→ **Available data**:
* * * * * * *

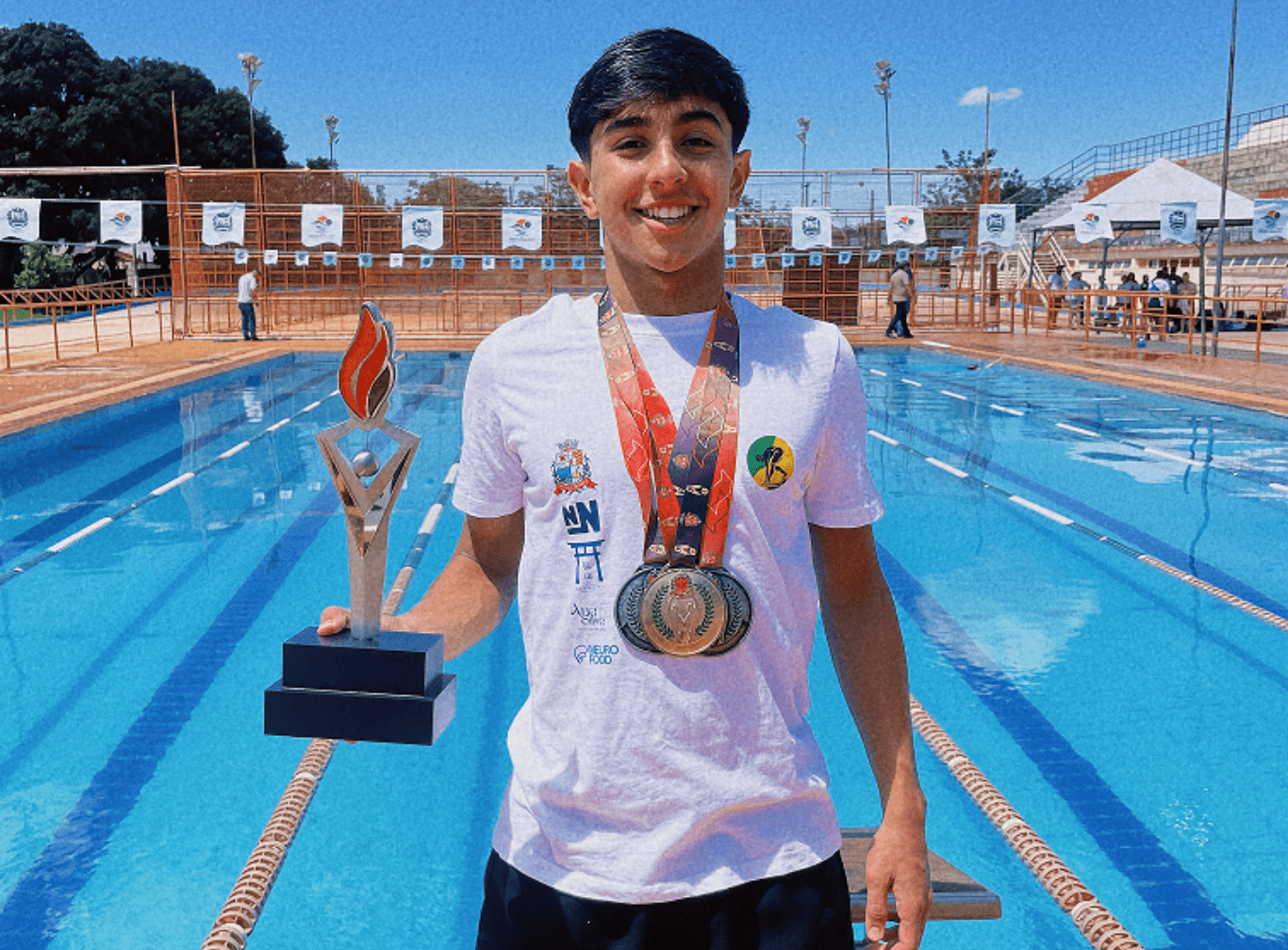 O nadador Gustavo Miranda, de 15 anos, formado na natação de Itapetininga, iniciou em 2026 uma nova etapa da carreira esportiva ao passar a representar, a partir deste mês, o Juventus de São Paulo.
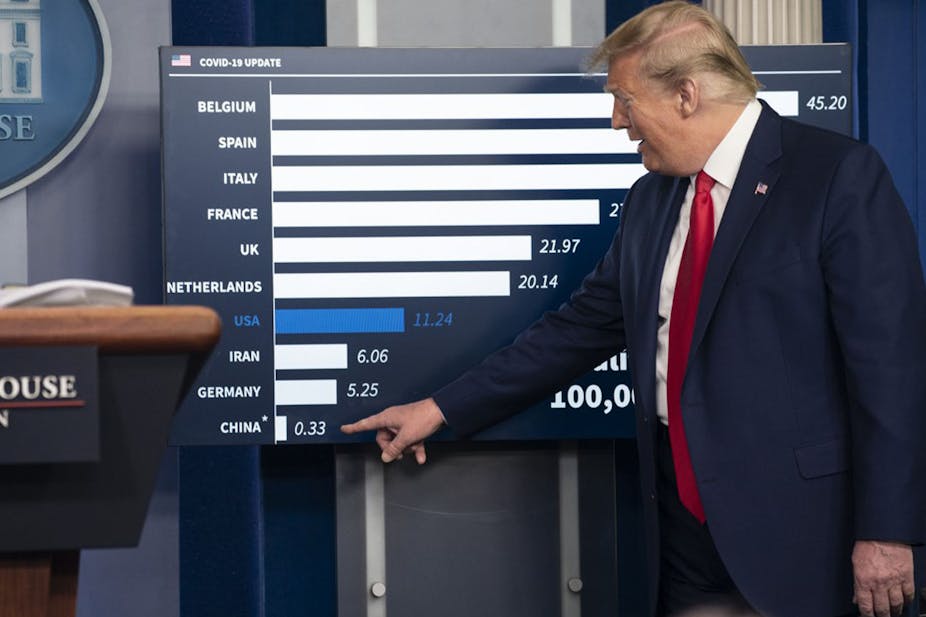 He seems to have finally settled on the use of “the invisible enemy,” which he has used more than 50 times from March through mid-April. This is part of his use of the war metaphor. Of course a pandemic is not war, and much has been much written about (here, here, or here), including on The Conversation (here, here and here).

* * * * * * *

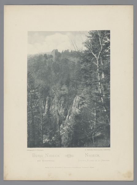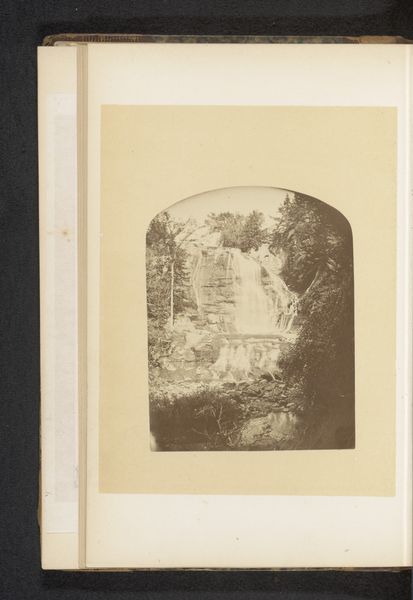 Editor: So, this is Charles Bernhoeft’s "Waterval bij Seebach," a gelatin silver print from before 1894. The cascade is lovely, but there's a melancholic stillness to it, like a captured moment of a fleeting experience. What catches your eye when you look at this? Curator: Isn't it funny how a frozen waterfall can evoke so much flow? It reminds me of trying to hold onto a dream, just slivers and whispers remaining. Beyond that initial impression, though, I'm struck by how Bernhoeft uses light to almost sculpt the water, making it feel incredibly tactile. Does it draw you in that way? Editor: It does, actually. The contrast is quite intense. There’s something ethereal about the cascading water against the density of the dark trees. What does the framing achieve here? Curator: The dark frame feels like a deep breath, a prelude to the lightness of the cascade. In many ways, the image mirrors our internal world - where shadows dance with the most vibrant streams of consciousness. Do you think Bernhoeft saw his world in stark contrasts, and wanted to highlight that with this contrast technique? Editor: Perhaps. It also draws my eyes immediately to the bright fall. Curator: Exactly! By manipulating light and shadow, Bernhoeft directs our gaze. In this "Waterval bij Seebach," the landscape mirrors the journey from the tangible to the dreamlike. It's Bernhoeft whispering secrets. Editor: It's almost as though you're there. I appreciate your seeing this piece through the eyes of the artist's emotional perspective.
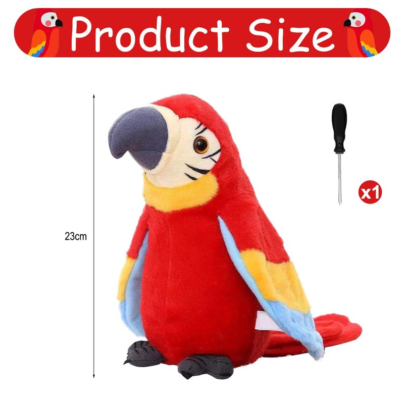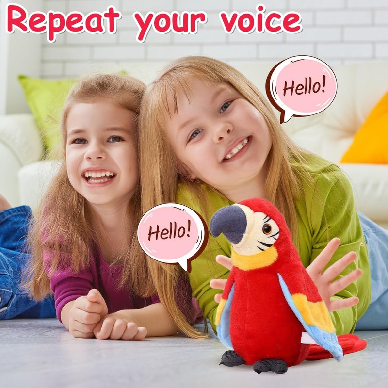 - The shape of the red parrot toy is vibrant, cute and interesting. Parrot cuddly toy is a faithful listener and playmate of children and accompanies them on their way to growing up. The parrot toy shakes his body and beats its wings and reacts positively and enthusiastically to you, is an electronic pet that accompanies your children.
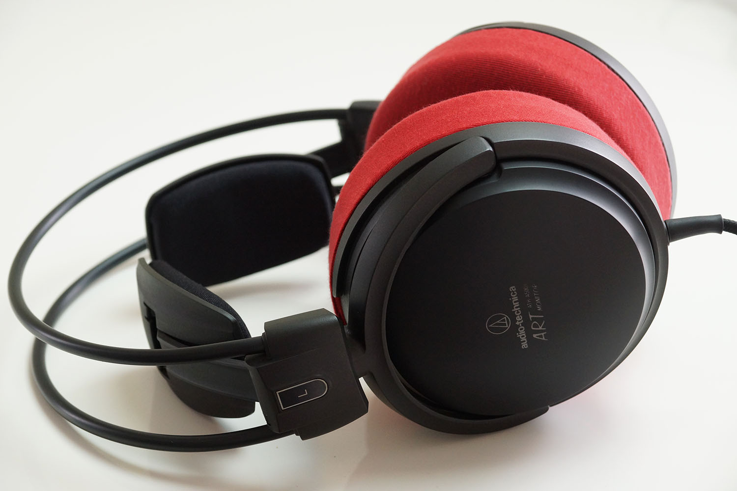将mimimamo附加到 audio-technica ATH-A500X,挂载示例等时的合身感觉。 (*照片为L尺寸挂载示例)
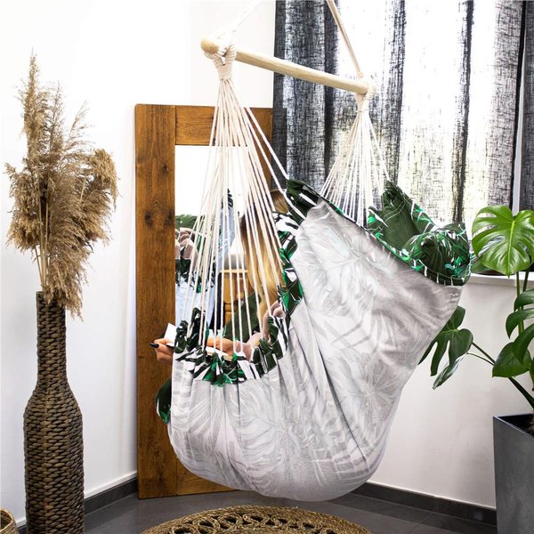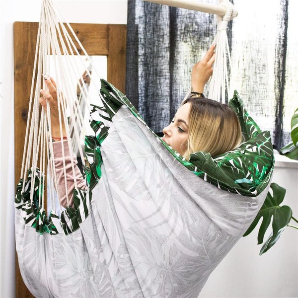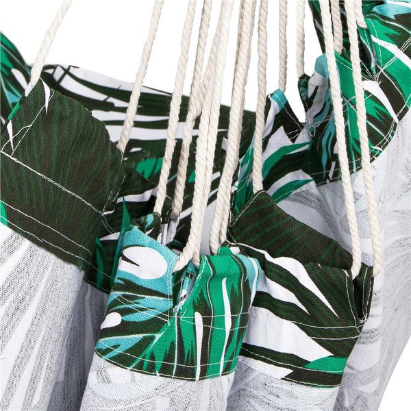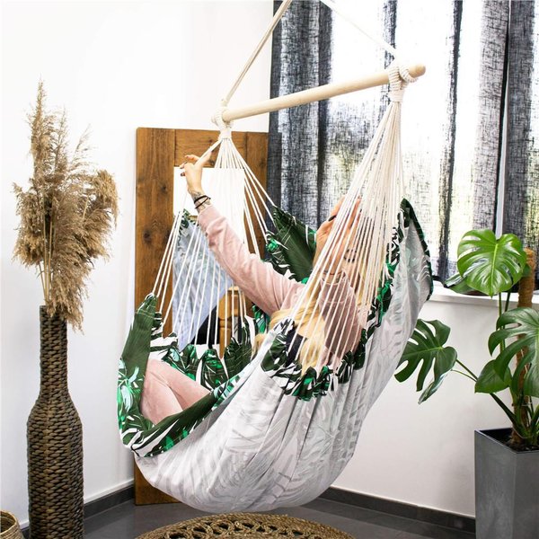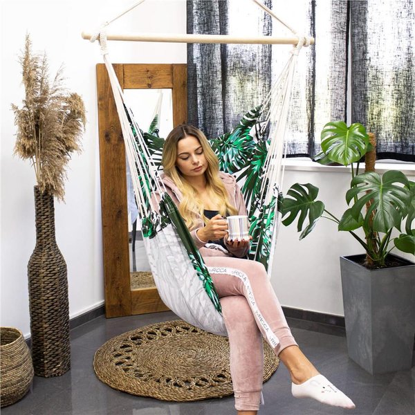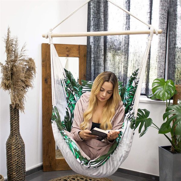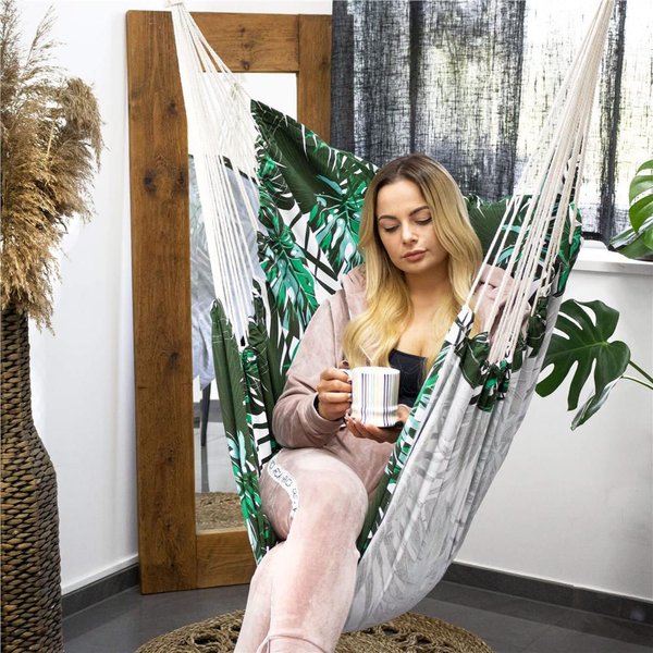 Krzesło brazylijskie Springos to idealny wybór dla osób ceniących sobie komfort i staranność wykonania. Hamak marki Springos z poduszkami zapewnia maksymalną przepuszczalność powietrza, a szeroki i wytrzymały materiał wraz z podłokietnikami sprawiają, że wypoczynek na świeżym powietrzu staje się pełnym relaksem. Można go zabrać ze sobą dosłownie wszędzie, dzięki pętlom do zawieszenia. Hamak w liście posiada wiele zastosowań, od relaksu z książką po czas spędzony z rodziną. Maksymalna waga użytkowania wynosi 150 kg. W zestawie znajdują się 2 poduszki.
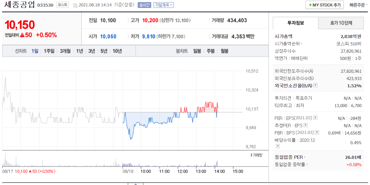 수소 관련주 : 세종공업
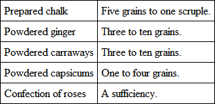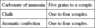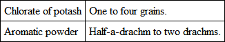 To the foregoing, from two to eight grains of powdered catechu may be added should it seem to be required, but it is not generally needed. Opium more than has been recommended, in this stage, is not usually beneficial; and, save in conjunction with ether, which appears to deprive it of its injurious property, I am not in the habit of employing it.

* * * * * * *

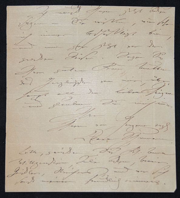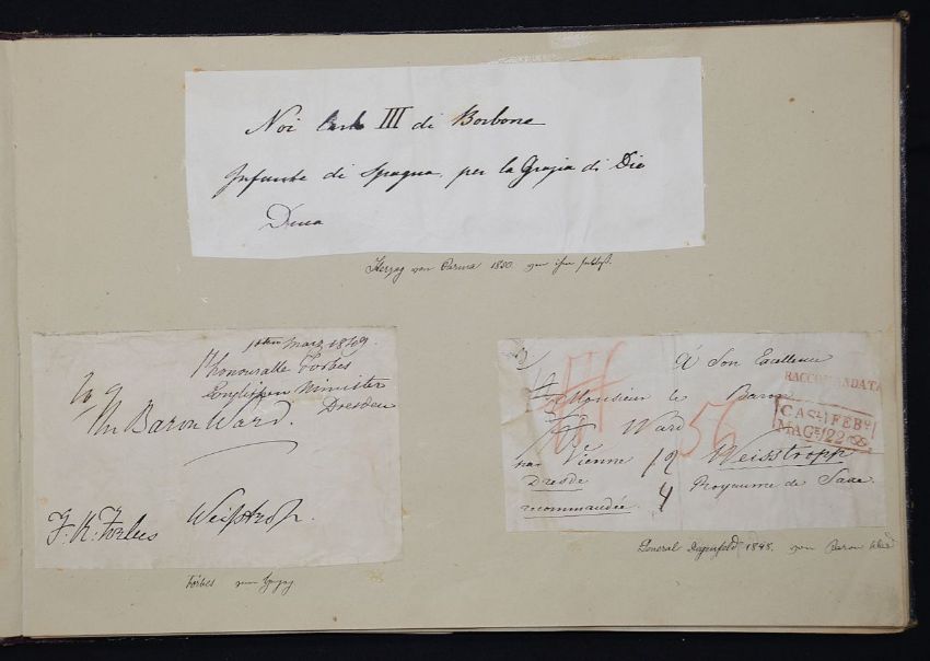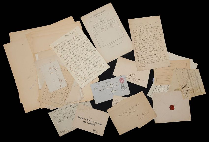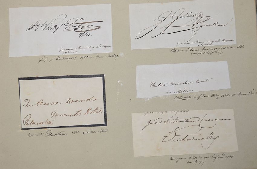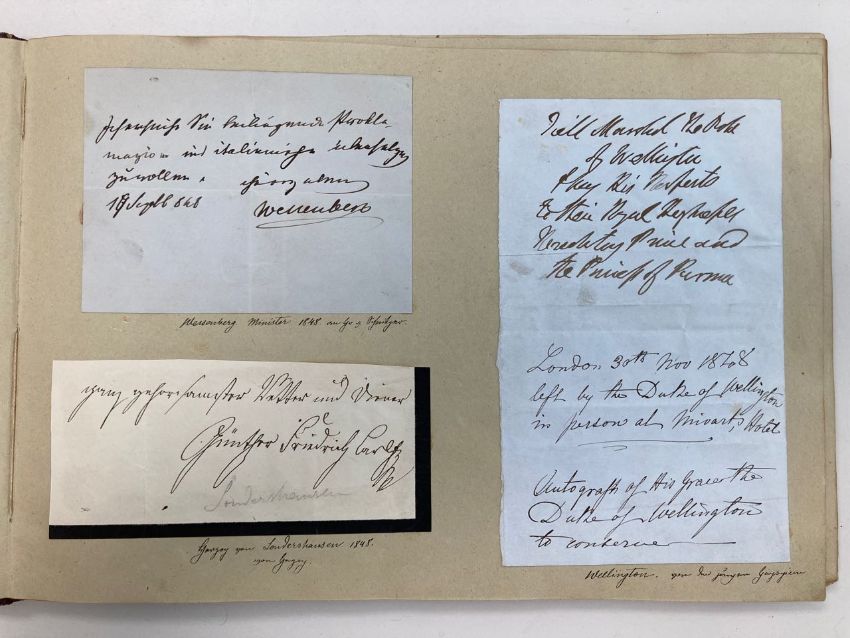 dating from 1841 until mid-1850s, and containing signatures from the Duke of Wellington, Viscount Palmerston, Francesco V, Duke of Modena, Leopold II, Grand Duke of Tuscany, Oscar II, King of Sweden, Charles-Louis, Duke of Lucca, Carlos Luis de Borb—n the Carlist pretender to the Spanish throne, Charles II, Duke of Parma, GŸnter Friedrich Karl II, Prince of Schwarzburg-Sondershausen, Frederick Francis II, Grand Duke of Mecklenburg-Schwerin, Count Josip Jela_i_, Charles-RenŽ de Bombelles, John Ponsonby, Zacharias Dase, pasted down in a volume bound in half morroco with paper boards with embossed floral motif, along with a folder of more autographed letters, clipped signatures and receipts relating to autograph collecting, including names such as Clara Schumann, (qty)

* * * * * * *

→ **Task requirements**: Once the line with "O nadador Gustavo" has been found above, output that line and every later line exactly, stopping after the line with "He seems to", and omit the pictures.

→ **Exercise solution**:
 O nadador Gustavo Miranda, de 15 anos, formado na natação de Itapetininga, iniciou em 2026 uma nova etapa da carreira esportiva ao passar a representar, a partir deste mês, o Juventus de São Paulo.
 He seems to have finally settled on the use of “the invisible enemy,” which he has used more than 50 times from March through mid-April. This is part of his use of the war metaphor. Of course a pandemic is not war, and much has been much written about (here, here, or here), including on The Conversation (here, here and here).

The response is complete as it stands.